Malaysia is an attractive market for e-commerce in Southeast Asia, with a dynamic economy, government incentives for digital technologies, and a sizeable young population. According to Nadarashnaraj Sargunaraj, Partner at Zaid Ibrahim & Co.,
“e-commerce activities have proven this point, particularly in this covid pandemic. There is no omnibus law governing e-commerce in Malaysia, which means that e-commerce businesses must be aware of the regulatory requirements that should apply to their operations, as well as product liability, consumer protection as well as data protection.”
Governing legislation/ framework
There is no single/omnibus legislation on E-commerce activities in Malaysia. The laws that would apply include those on consumer protection, sale of goods and services, trade description and personal data protection.
E-commerce generally comes under the purview of the Ministry of Domestic Trade and Consumer Affairs (“MDTCA”).

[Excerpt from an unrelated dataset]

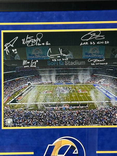 Ultra-Rare Super Bowl LVI Championship Masterpiece Own the ultimate piece of Los Angeles Rams history with this 16x20 Super Bowl LVI celebration photo featuring six authentic signatures from the championship team's biggest stars. This museum-quality collectible is #1 of only 56 ever produced, making it one of the rarest and most valuable pieces of Rams memorabilia in existence. Six Championship Signatures Matt Stafford - Super Bowl LVI Champion Quarterback Cooper Kupp - Super Bowl LVI MVP & Offensive Player of the Year Aaron Donald - NFL Defensive Player of the Year & Future Hall of Famer Cam Akers - Dynamic Running Back Odell Beckham Jr. - Star Wide Receiver Matt Gay - Clutch Kicker Extreme Rarity & Investment Value This is #1 of only 56 pieces in this limited edition - a number chosen to commemorate Super Bowl LVI (56). As the first piece in this exclusive collection, it carries exceptional collector value and investment potential. Each signature is authenticated by Fanatics, the official memorabilia partner of the NFL. Championship Moment Captured This stunning 16x20 photo captures the pure joy and celebration of the Rams' Super Bowl LVI victory at SoFi Stadium, where they defeated the Cincinnati Bengals 23-20 to bring the Lombardi Trophy home to Los Angeles for the first time since 1999. Perfect For: Serious LA Rams collectors seeking the ultimate centerpiece Investment-grade sports memorabilia portfolios Once-in-a-lifetime gift for the ultimate Rams fan Museum-quality display in home, office, or man cave Complete with Fanatics Certificate of Authenticity guaranteeing all six signatures, this is a trophy piece that will be treasured for generations and appreciate significantly in value.

Licensing & market entry requirements
The MDTCA regulates wholesale and retail trade, and services which are not regulated by other regulatory authorities in Malaysia (“Unregulated Services”). The MDTCA has published Guidelines on Foreign Participation in the Distributive Trade Services in Malaysia (“Guidelines”) which regulate foreign participation in the distributive trade sector in Malaysia. Companies with 50% or more foreign equity and intending to participate in the distributive trade sector or the Unregulated Services sector are required to obtain the approval of the MDTCA.
Foreign equity restrictions
Please note our response above.
Payment solutions, foreign exchange administration and merchant acquiring services
- Payment solutions: The payment solutions space is vibrant and dynamic with numerous e-wallet and e-money players offering a variety of services to consumers. In February 2021, the Government also announced under the MyDigital blueprint (see response below) that it will go cashless by 2022 where all ministries and government agencies will adopt cashless payment solutions as the preferred payment option for government services.
- Foreign exchange administration: The Central Bank of Malaysia (“Central Bank”) has issued several foreign exchange notices (“FX Notices”), which permit certain transactions which would otherwise be prohibited under the Financial Services Act 2013 (“FSA”). This which comes under the purview of the Central Bank. The FX Notice permits a resident to make payment in ringgit to a non-resident in Malaysia. A non-resident however is not allowed to receive payment in ringgit outside of Malaysia.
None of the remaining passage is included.